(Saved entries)
*** Block opens ***
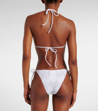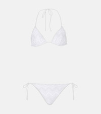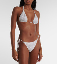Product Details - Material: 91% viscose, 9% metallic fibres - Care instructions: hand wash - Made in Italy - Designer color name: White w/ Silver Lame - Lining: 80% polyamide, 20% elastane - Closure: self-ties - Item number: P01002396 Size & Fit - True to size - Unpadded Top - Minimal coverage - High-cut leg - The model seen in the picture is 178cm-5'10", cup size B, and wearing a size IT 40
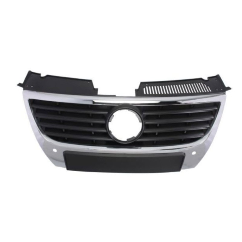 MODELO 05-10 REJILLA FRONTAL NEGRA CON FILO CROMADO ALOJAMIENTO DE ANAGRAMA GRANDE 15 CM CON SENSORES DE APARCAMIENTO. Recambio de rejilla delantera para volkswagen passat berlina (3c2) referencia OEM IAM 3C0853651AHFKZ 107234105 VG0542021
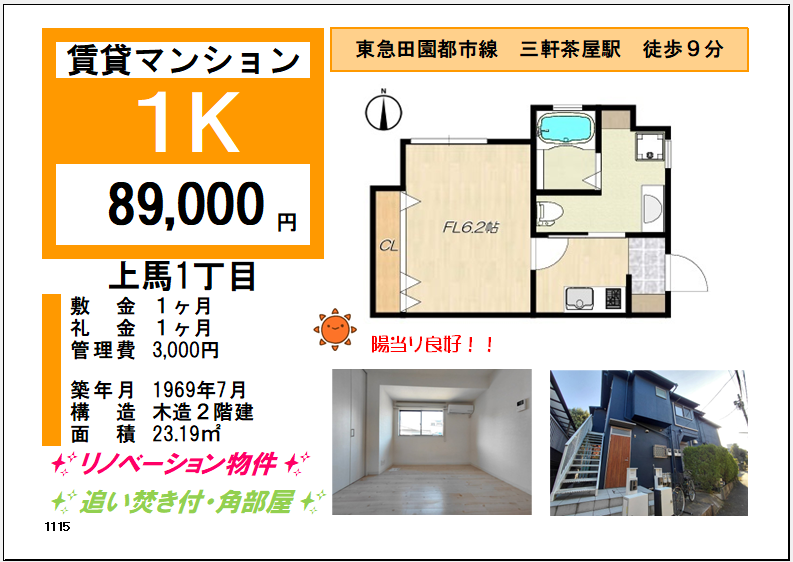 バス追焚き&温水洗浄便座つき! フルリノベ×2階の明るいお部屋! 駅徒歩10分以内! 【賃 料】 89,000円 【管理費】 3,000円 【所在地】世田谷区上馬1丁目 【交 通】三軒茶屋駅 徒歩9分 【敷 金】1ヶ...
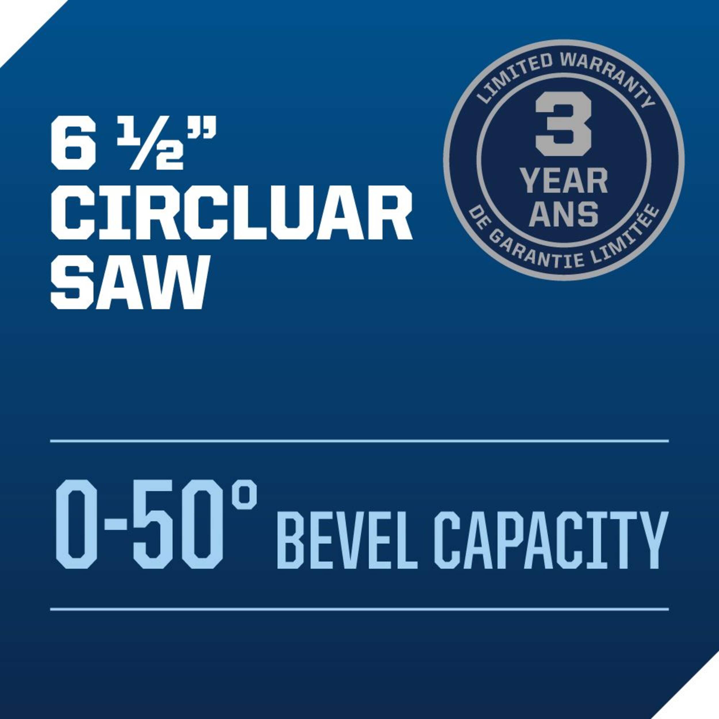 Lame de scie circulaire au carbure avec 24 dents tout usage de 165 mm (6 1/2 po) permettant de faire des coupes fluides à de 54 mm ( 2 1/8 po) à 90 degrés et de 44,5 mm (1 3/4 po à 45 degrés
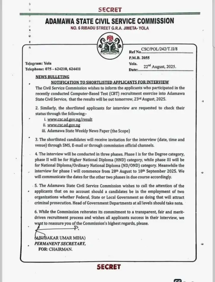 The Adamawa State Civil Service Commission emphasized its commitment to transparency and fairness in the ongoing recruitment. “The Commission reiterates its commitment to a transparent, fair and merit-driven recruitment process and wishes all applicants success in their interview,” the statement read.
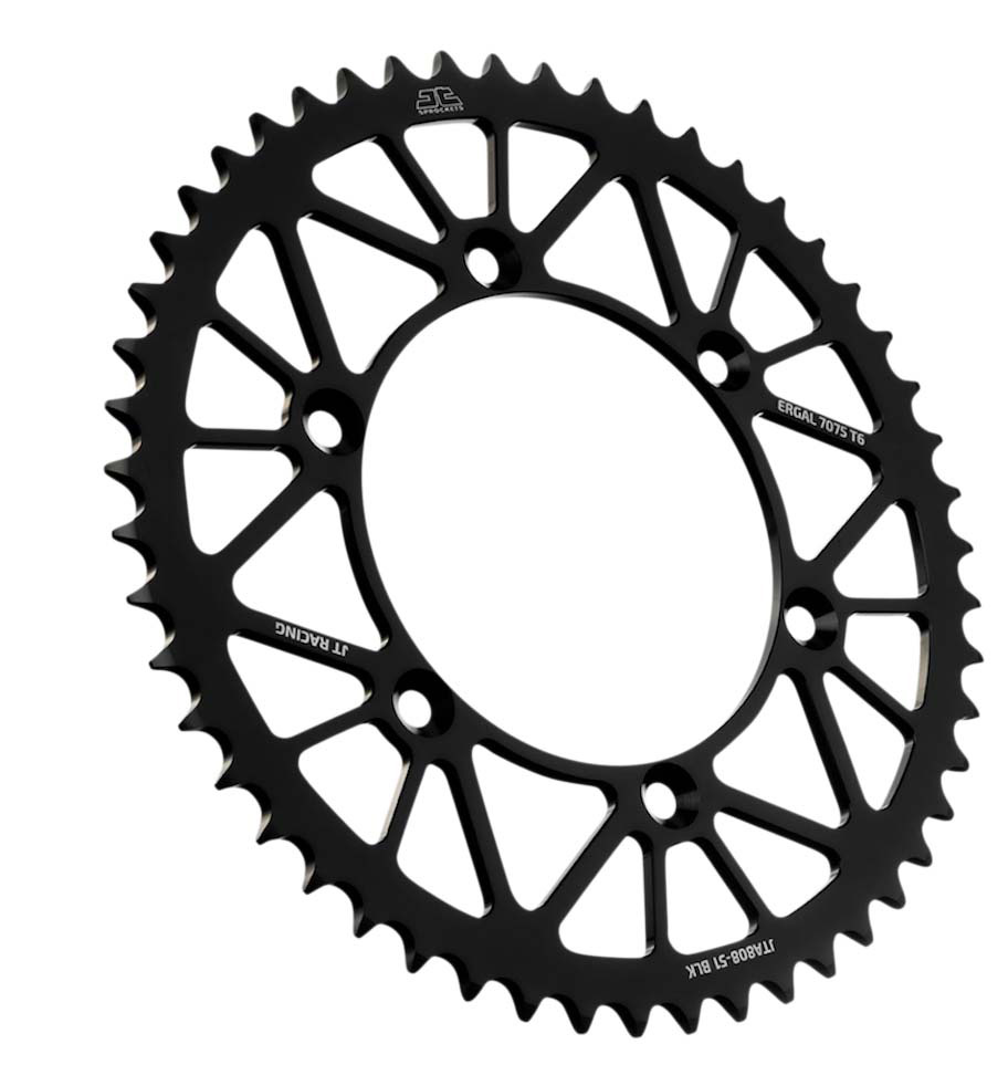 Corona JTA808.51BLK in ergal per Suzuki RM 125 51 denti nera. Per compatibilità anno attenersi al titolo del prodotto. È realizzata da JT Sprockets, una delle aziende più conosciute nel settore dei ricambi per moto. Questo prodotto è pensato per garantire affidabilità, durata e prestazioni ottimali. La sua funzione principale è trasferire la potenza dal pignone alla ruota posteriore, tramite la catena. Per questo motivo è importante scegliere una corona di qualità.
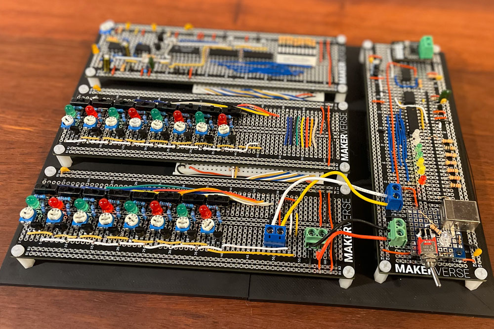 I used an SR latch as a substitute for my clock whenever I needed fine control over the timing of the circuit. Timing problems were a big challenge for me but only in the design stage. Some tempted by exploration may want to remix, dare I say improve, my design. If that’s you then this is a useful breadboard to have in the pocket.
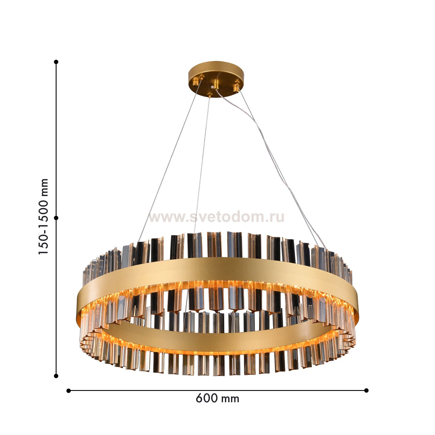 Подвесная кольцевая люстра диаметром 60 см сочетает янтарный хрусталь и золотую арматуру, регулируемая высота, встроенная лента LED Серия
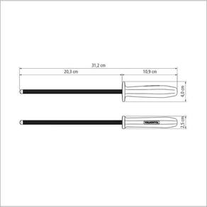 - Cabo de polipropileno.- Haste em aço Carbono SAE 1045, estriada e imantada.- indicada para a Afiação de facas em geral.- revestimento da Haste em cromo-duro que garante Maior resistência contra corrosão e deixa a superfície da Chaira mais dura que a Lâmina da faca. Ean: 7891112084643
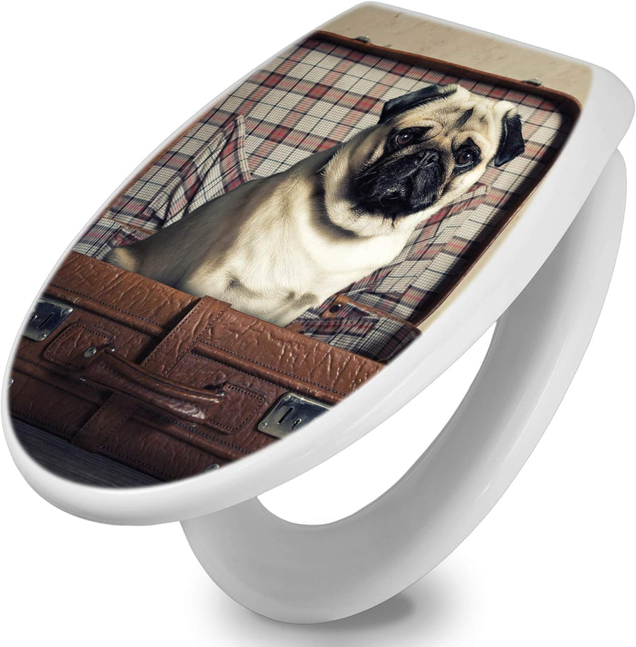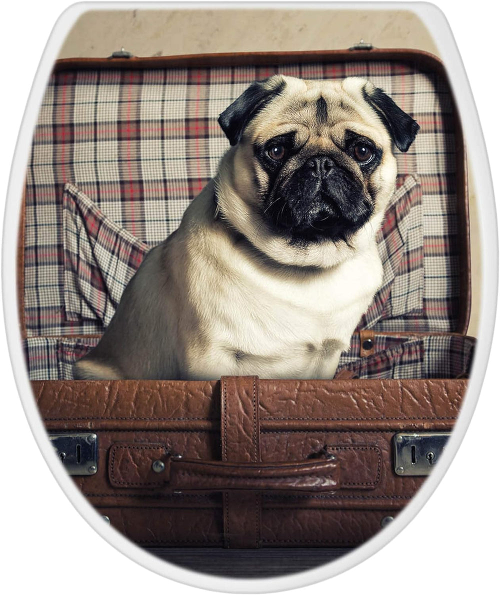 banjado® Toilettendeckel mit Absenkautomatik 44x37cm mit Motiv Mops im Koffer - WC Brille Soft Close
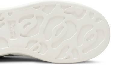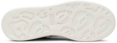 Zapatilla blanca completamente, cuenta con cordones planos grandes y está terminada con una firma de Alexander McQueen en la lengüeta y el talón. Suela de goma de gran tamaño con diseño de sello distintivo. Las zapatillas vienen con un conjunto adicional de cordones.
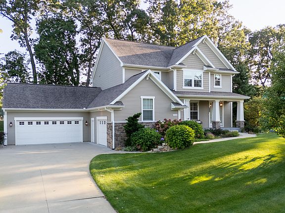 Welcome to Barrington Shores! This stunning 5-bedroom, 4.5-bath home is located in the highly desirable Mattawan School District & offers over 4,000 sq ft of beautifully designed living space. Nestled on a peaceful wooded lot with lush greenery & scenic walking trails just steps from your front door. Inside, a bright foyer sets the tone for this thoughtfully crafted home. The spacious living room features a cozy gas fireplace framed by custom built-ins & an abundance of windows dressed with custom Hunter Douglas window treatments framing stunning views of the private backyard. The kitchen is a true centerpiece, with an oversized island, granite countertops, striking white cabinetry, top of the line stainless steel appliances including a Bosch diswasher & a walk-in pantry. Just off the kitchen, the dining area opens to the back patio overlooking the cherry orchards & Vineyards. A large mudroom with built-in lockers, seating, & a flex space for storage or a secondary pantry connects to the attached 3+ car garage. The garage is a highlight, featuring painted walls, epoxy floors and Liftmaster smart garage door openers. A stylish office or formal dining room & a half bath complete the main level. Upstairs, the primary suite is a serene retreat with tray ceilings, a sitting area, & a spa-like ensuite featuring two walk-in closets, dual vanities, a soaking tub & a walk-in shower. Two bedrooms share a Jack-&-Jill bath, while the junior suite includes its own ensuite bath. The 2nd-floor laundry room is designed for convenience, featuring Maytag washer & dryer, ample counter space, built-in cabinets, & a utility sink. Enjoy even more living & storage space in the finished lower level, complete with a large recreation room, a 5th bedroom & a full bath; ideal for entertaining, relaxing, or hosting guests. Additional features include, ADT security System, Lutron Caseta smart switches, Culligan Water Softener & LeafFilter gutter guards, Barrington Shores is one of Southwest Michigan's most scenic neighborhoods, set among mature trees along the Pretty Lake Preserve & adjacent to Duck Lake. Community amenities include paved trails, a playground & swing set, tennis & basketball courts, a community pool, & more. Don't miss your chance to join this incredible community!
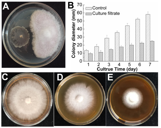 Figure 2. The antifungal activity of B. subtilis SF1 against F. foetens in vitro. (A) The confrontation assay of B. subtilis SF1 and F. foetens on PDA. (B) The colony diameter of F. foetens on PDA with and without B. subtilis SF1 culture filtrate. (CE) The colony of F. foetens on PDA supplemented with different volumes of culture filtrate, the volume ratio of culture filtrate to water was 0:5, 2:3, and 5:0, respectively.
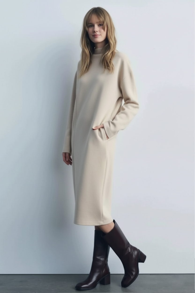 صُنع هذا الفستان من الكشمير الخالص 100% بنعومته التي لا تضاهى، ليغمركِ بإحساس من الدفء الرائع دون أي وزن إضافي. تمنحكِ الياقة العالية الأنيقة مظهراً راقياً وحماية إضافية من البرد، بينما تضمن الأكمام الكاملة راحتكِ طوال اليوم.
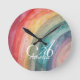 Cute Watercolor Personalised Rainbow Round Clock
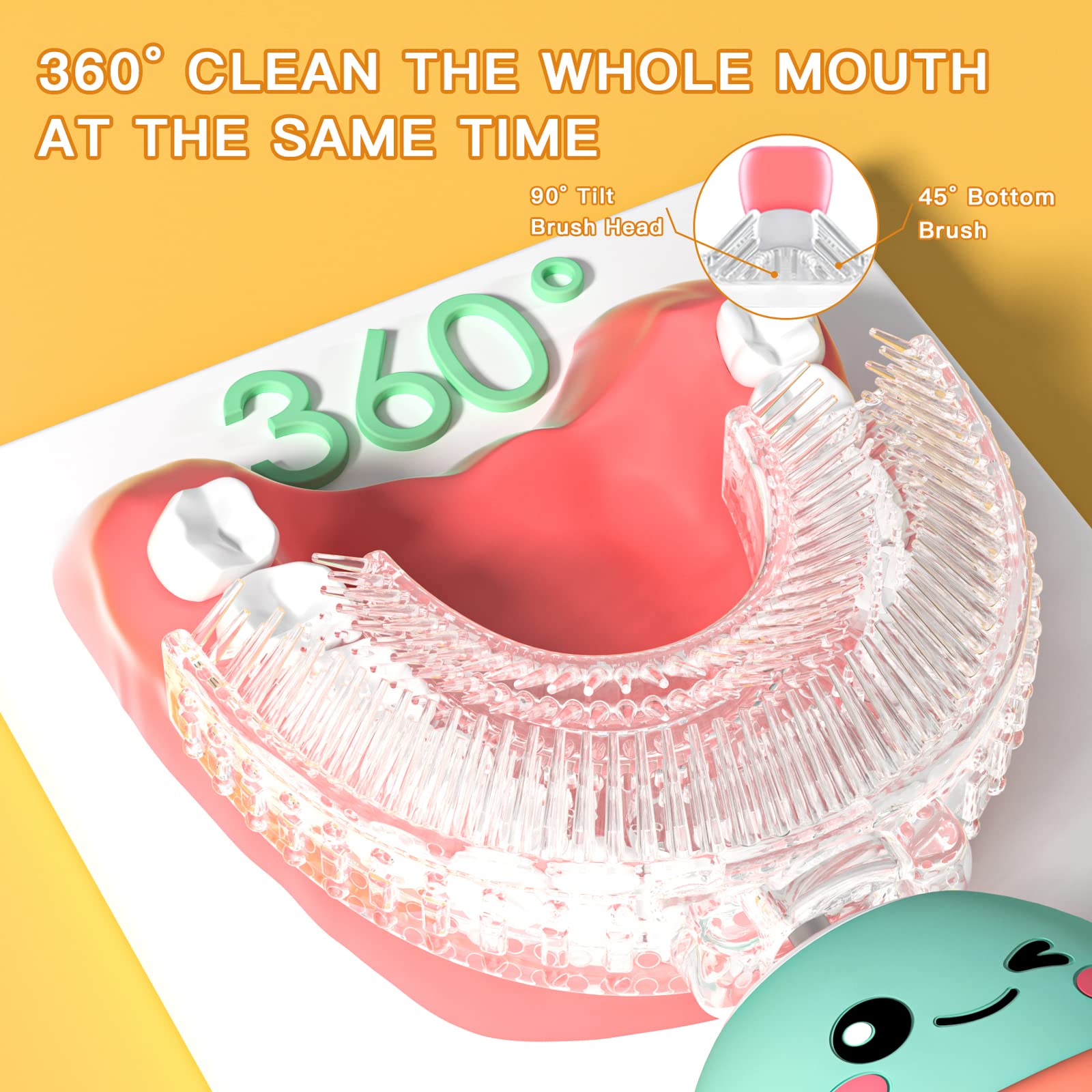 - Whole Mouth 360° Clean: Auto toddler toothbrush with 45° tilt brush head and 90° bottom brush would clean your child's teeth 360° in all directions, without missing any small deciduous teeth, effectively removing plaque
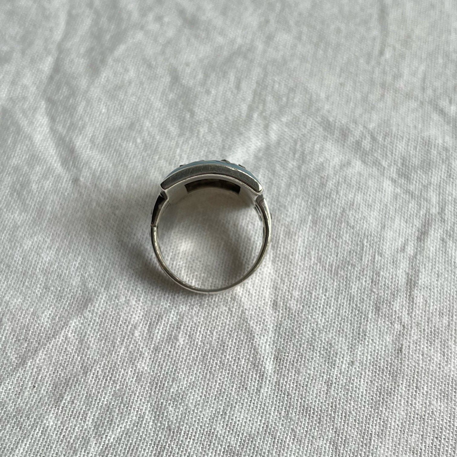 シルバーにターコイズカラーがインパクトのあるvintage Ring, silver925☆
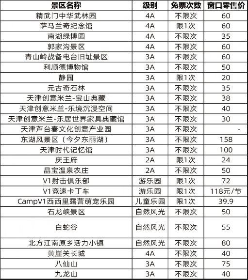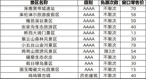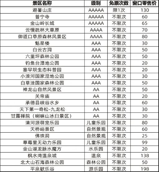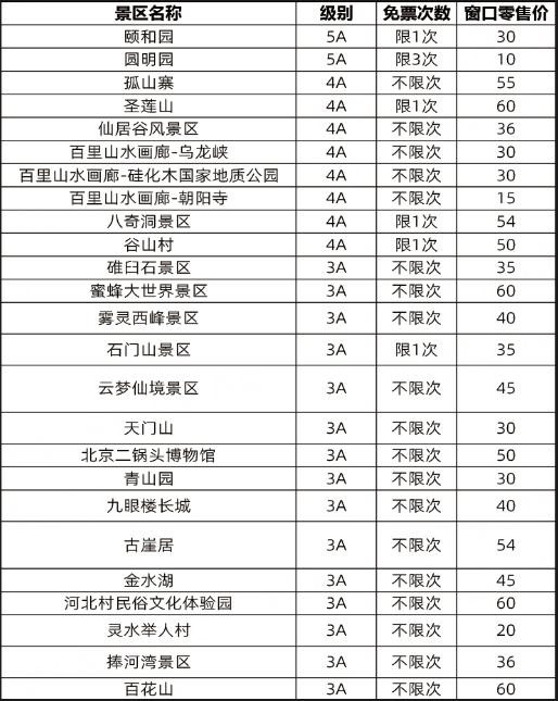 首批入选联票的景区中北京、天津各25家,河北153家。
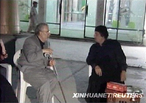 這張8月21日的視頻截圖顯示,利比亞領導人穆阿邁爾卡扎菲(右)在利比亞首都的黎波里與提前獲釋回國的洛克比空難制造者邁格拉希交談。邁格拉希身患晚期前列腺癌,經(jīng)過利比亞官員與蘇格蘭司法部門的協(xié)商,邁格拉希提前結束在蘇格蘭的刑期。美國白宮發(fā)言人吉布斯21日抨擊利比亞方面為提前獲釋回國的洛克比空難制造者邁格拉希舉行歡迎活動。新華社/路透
*** Block closes ***
What to do
Please repeat exactly the data above from its first line to the line that contains "Подвесная кольцевая люстра", inclusive, and leave every picture out.

Reply
Product Details - Material: 91% viscose, 9% metallic fibres - Care instructions: hand wash - Made in Italy - Designer color name: White w/ Silver Lame - Lining: 80% polyamide, 20% elastane - Closure: self-ties - Item number: P01002396 Size & Fit - True to size - Unpadded Top - Minimal coverage - High-cut leg - The model seen in the picture is 178cm-5'10", cup size B, and wearing a size IT 40
 MODELO 05-10 REJILLA FRONTAL NEGRA CON FILO CROMADO ALOJAMIENTO DE ANAGRAMA GRANDE 15 CM CON SENSORES DE APARCAMIENTO. Recambio de rejilla delantera para volkswagen passat berlina (3c2) referencia OEM IAM 3C0853651AHFKZ 107234105 VG0542021
 バス追焚き&温水洗浄便座つき! フルリノベ×2階の明るいお部屋! 駅徒歩10分以内! 【賃 料】 89,000円 【管理費】 3,000円 【所在地】世田谷区上馬1丁目 【交 通】三軒茶屋駅 徒歩9分 【敷 金】1ヶ...
 Lame de scie circulaire au carbure avec 24 dents tout usage de 165 mm (6 1/2 po) permettant de faire des coupes fluides à de 54 mm ( 2 1/8 po) à 90 degrés et de 44,5 mm (1 3/4 po à 45 degrés
 The Adamawa State Civil Service Commission emphasized its commitment to transparency and fairness in the ongoing recruitment. “The Commission reiterates its commitment to a transparent, fair and merit-driven recruitment process and wishes all applicants success in their interview,” the statement read.
 Corona JTA808.51BLK in ergal per Suzuki RM 125 51 denti nera. Per compatibilità anno attenersi al titolo del prodotto. È realizzata da JT Sprockets, una delle aziende più conosciute nel settore dei ricambi per moto. Questo prodotto è pensato per garantire affidabilità, durata e prestazioni ottimali. La sua funzione principale è trasferire la potenza dal pignone alla ruota posteriore, tramite la catena. Per questo motivo è importante scegliere una corona di qualità.
 I used an SR latch as a substitute for my clock whenever I needed fine control over the timing of the circuit. Timing problems were a big challenge for me but only in the design stage. Some tempted by exploration may want to remix, dare I say improve, my design. If that’s you then this is a useful breadboard to have in the pocket.
 Подвесная кольцевая люстра диаметром 60 см сочетает янтарный хрусталь и золотую арматуру, регулируемая высота, встроенная лента LED Серия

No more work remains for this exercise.